When I joined Vitra, back in 1999, my predecessor gave me some advice: "Get over the fakes". Fifteen years later, I simply cannot get to grips with the fact that people are able to copy the products of designers such as Ray and Charles Eames, Ron Arad, George Nelson, BarberOsgerby, Verner Panton, Norman Foster, the Bouroullecs and Isamu Noguchi, manufactured by Vitra, without paying a penny to the designer, their heirs or the charitable foundations that have become the guardians of their work. It makes no sense.
Initially, it was Italian manufacturers who copied these products – primarily the popular models and best sellers such as the Eames Aluminium Group Chair and Eames Lounge Chair. However, having successfully challenged these rogue Italian manufacturers in court we ended up facing a newer, and far tougher, battle with Chinese manufacturers.
Over the last five to eight years we have seen huge amounts of unauthorised copies flooding the market from China and sold via myriad websites, lower end dealers, very famous supermarkets and even the odd design-led retailer who fancies that the margins on copies are greater than those on authorised originals, which they may well be.
The problem is a simple one. There are only three countries in the EU which do not adhere to EU Intellectual Property (IP) law. Romania, Estonia and... the UK. In France, as in the rest of the EU, furniture designs are protected for 70 years plus the life of the author. So, in the case of Ray Eames, who passed away in 1988, her designs are protected in EU countries until 2058. However, travel 22 miles over the channel to the UK and Ray's designs are protected for just 25 years. Thus the 1956 Eames Lounge Chair ran out of IP protection in 1981.

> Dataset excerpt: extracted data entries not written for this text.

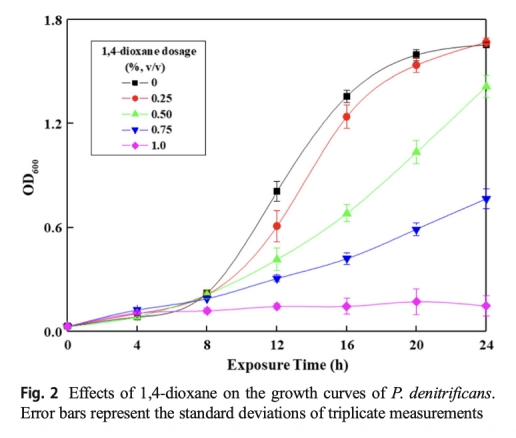 2. 數(shù)據(jù):P. denitrificans的生長曲線(OD600值)。來源:Fig.2。研究意義:生長曲線數(shù)據(jù)表明1,4-二氧六環(huán)抑制細胞增殖,高劑量時生長完全受阻,這解釋了反硝化效率下降的部分原因,因為微生物數(shù)量減少直接削弱代謝能力。
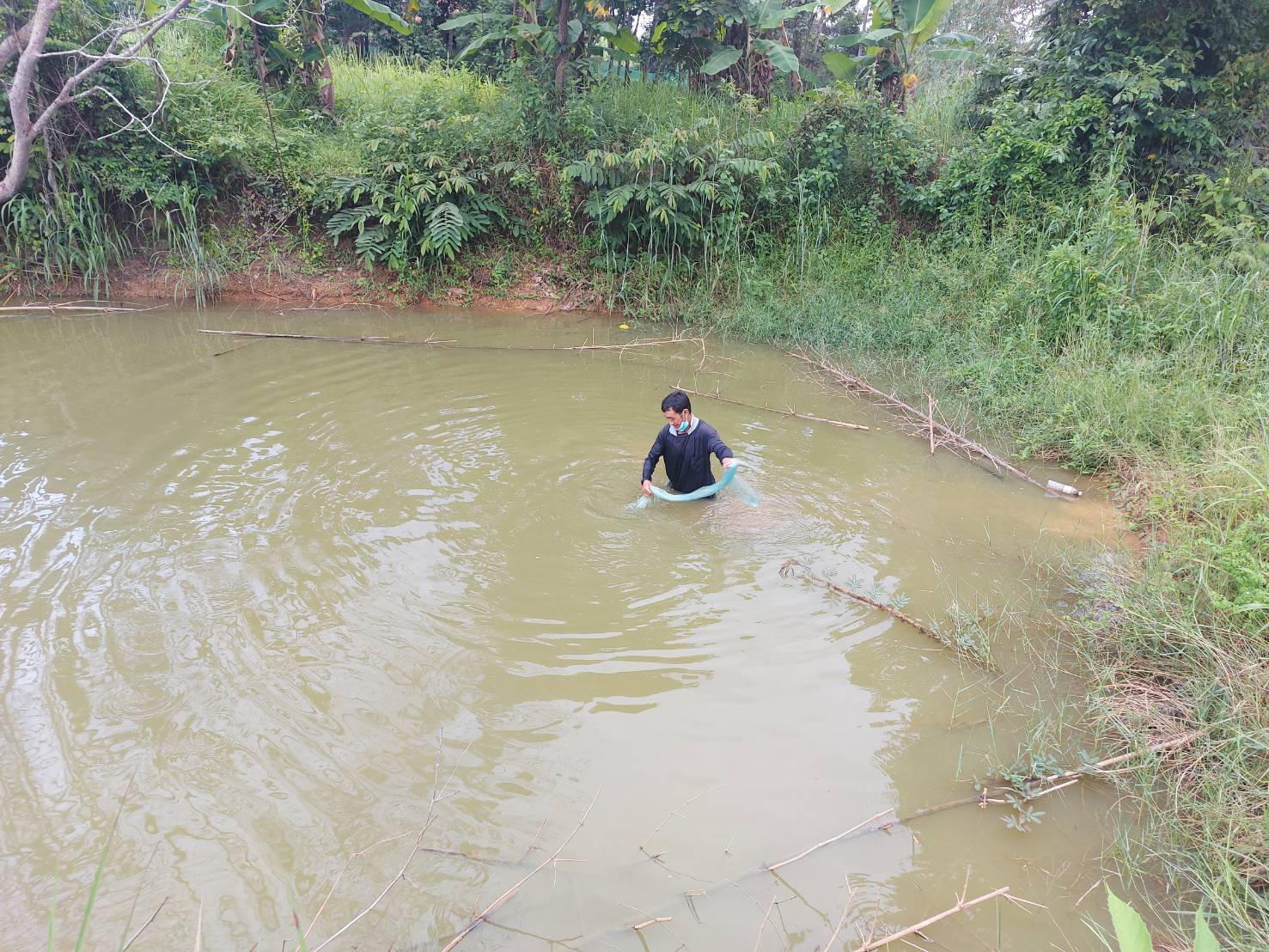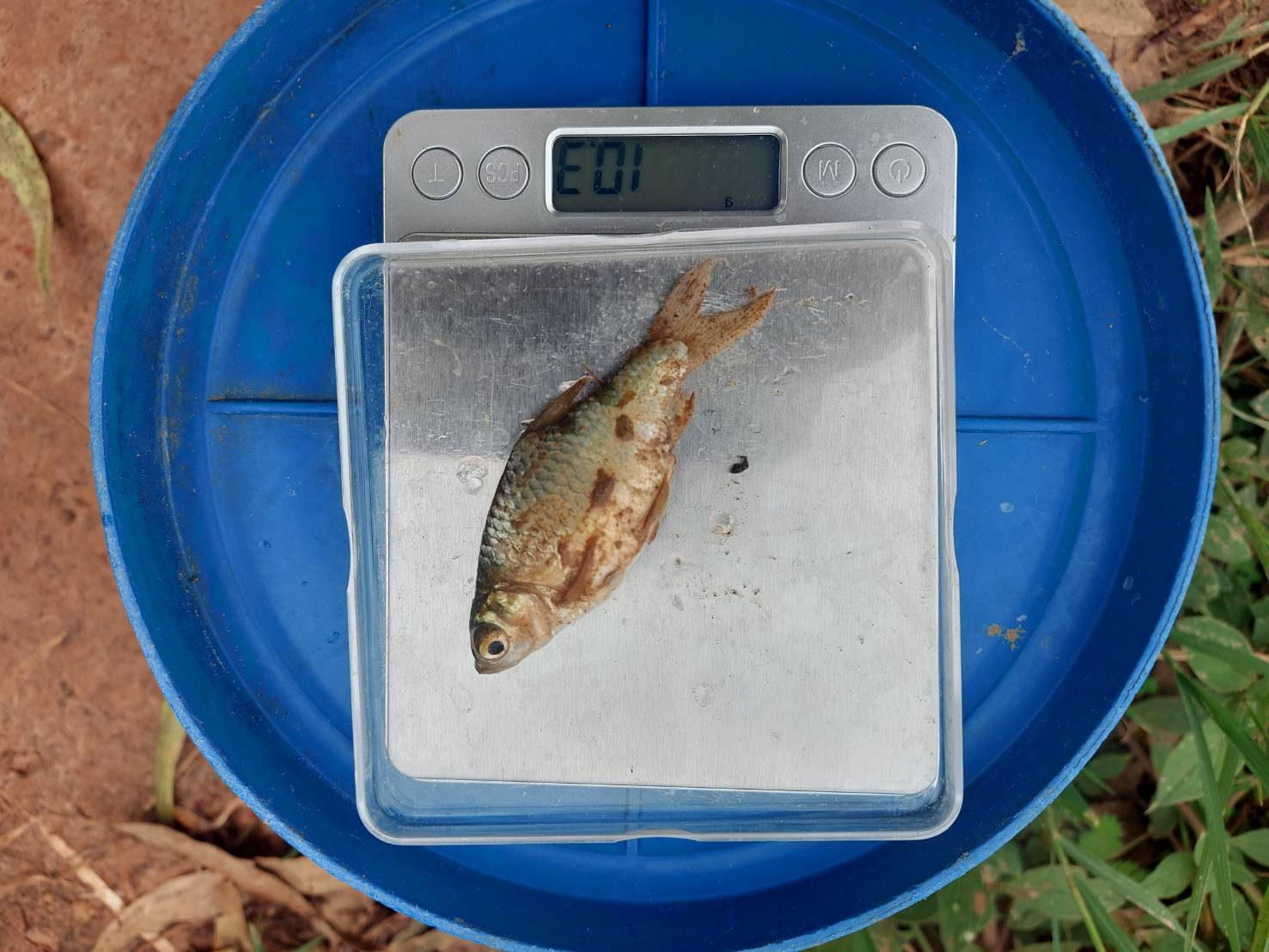 พบว่า ปลาตะเพียนที่ปล่อยเมื่อวันที่ 10 มิถุนายน 2564 จำนวน 2,000 ตัว มีการให้อาหารเม็ด ร่วมกับการสร้างอาหารธรรมชาติกองฟางข้าวหมักขี้วัวให้ปลากิน แต่ปลาก็ยังเจริญเติบโตไม่ค่อยดี เนื่องจากการเลี้ยงปลาแบบหนาแน่นในบ่อขนาดเล็ก 0.03 ไร่ และการให้อาหารอาจยังไม่เพียงพอต่อการบริโภคของปลา ปัจจุบันปลามีการเจริญเติบโตอยู่ที่ 200 ตัว/กก. จึงให้คำแนะนำให้เกษตรกรทำการย้ายปลาไปปล่อยในบ่อใหม่เพิ่มเติมและสร้างอาหารธรรมชาติให้ปลากินโดยใช้ฟางข้าวหมักขี้วัว
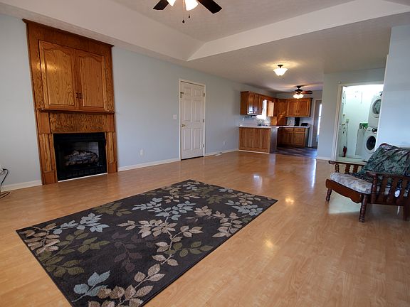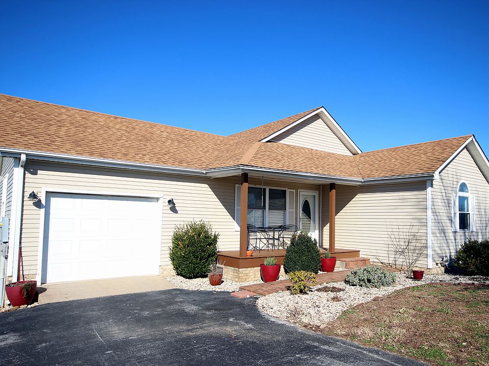 Cute as a button! This home features 3 bedrooms, 2 full baths, huge living room & attached garage. The living room and the master bedroom have angled tray ceilings. There is a storage building included and a huge deck and country views, but minutes to town.
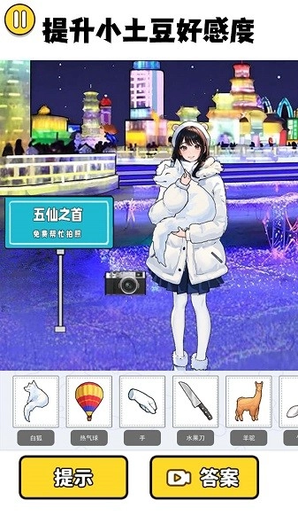一款休闲益智小游戏,讲述南方小土豆前往北方冰雪城旅行的故事。在旅途中,你将领略北方独特的冰雪风光,还需要帮助小土豆用拍照的方式记录下这些美景,快来挑战关卡吧!
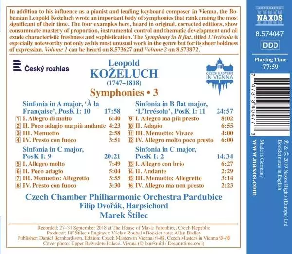| Wykonawca | Leopold Koželuh | Marek Štilec | Czech Chamber Philharmonic Orchestra Pardubice |
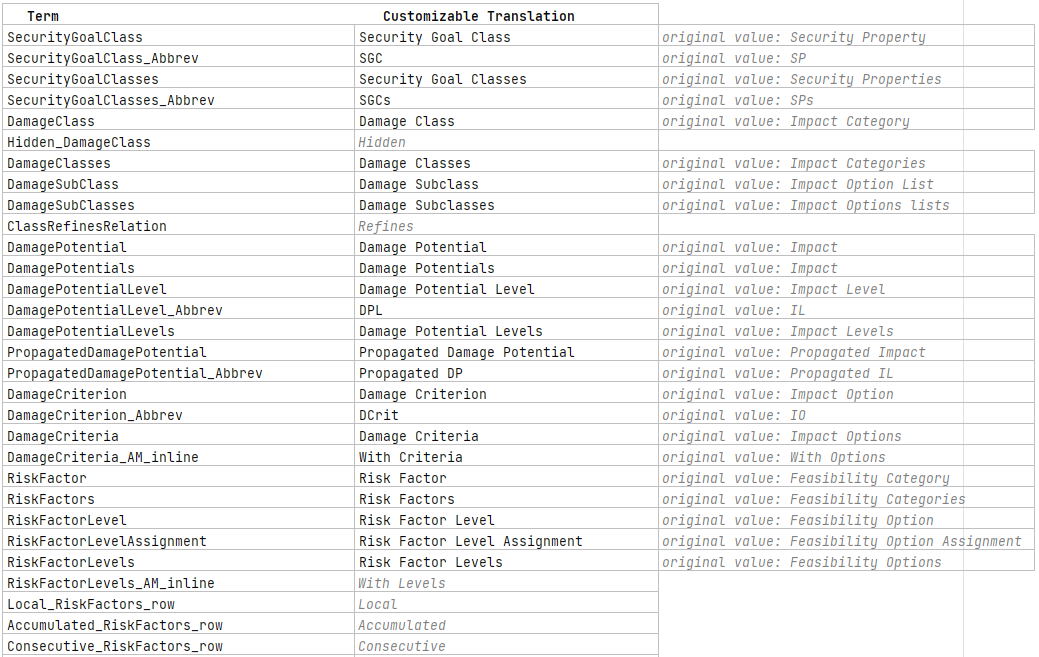 The renaming-option in the Terminology Profile also includes terms used in your Item Definition—for example, if you prefer a different element name for “Channels”—as well as terminology used in the TARA—such as replacing the default term “Control” with one that fits your context better. You can also customize the field names of elements and the prompt phrases shown by assistants, such as the instructional or guiding text for specific element operations. Additionally, the profile allows you to define Name Patterns and Title Patterns, which we will explain in more detail in the following sections.
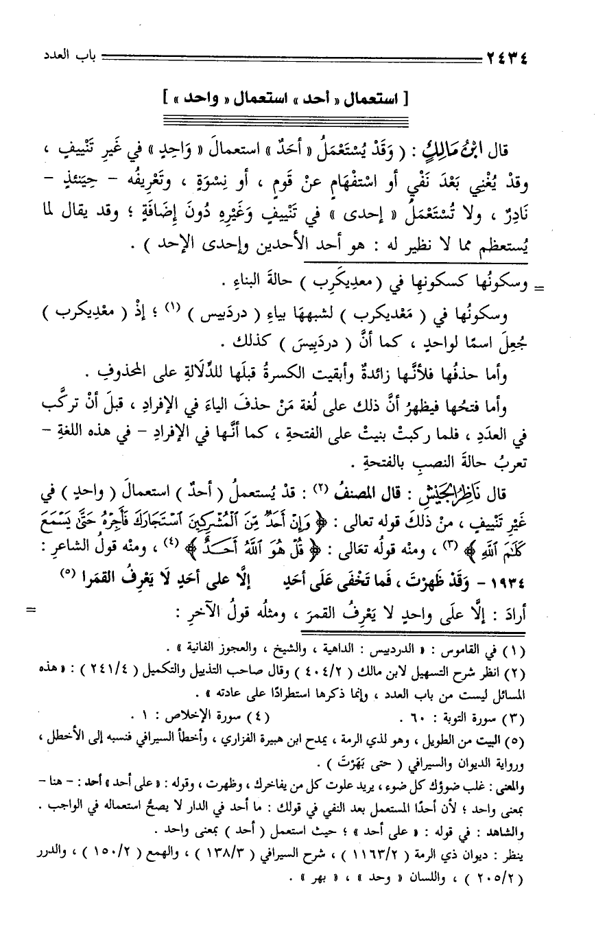 قال ناظر الجيش: قال المصنف (¬2): قد يستعمل (أحد) استعمال (واحد) في غير تنييف، من ذلك قوله تعالى: وَإِنْ أَحَدٌ مِنَ الْمُشْرِكِينَ اسْتَجارَكَ فَأَجِرْهُ حَتَّى يَسْمَعَ كَلامَ اللَّهِ (¬3)، ومنه قوله تعالى: قُلْ هُوَ اللَّهُ أَحَدٌ (¬4)، ومنه قول الشاعر:

For a number of years, Vitra's only defence was to have our lawyers ask the copyists not to use our registered trademarks and our photographs, of our own products, to promote their Chinese copies. Often this worked. Copyists started using phrases like "inspired by", "reproduction" and "in the style of" to describe their fakes. This helped, as did the poor quality of a great many of the fakes and the fact that lead-times were often very long and warranties non-existent.
However, we still faced stores such as Dwell offering identical 1:1 Chinese copies of Vitra Eames chairs – right next door to Heal's on Tottenham Court Road, who sold the authorised originals – quite legally and at a quarter of the price. A quarter of the price? Perhaps these copies are a good thing? Maybe Vitra is ripping off the consumer? Neither is the case, thankfully.
Of course, Vitra is a company like any other – we exist to make a profit. That said, our profits are not outrageous and part of that profit goes to the designer, or their heirs, in the form of a royalty, a fixed percentage of our selling price that compensates the designer for their work.
In the case of a living designer, such as Jasper Morrison, Ed Barber or Jay Osgerby, this funds their personal and business overheads. In the case of a deceased designer the royalty goes to their spouse, as is the case with Verner Panton, or the foundation set up to protect and promote their work and heritage, as is the case with the George Nelson Foundation and the Eames Office.
As for the cost, Vitra works closely with all of the designers, and their representatives, to manufacture their designs to not only the highest standard possible, some Vitra products come with a 30-year warranty, but to the quality levels originally envisaged by the designers. A copyist, by their very nature, exists to make products as cheaply as possible. In essence they are saying "let's try and make this worse than the designer intended".
Vitra is fortunate in one respect, as we have the resources and determination to fight for proper copyright protection. This is an industry-wide problem however, that impacts far more on smaller companies and designers who do not have these resources to take expensive legal proceedings against often quite well-funded copyists. It also does not take a genius to guess what might happen to the royalties for designers working for smaller furniture companies whose margins are being eroded.
Why should these designers bother working anymore if their designs aren't even going to be protected? And if the designers lose their motivation, then where will the firms get their talent from? The copyists are eating away at the very creativity of our industry, not just selling shoddy knock-offs of existing designs.
The British government has passed a law, the Enterprise and Regulatory Reform Act 2013, that seeks to address this problem. Yet it has also proposed – two years after the passage of this law – a far-too-long three-year transition period before the loophole is finally closed, as well as indefinite sell-through of existing stock. This will effectively create a five-year transition period that favours the copyists. The law that will protect the intellectual property of some of the world's most famous designers is on the statute book: it should now be bought into effect at the earliest opportunity.
Tony Ash is the managing director of Vitra in the UK, USA, India, Middle East and Far East.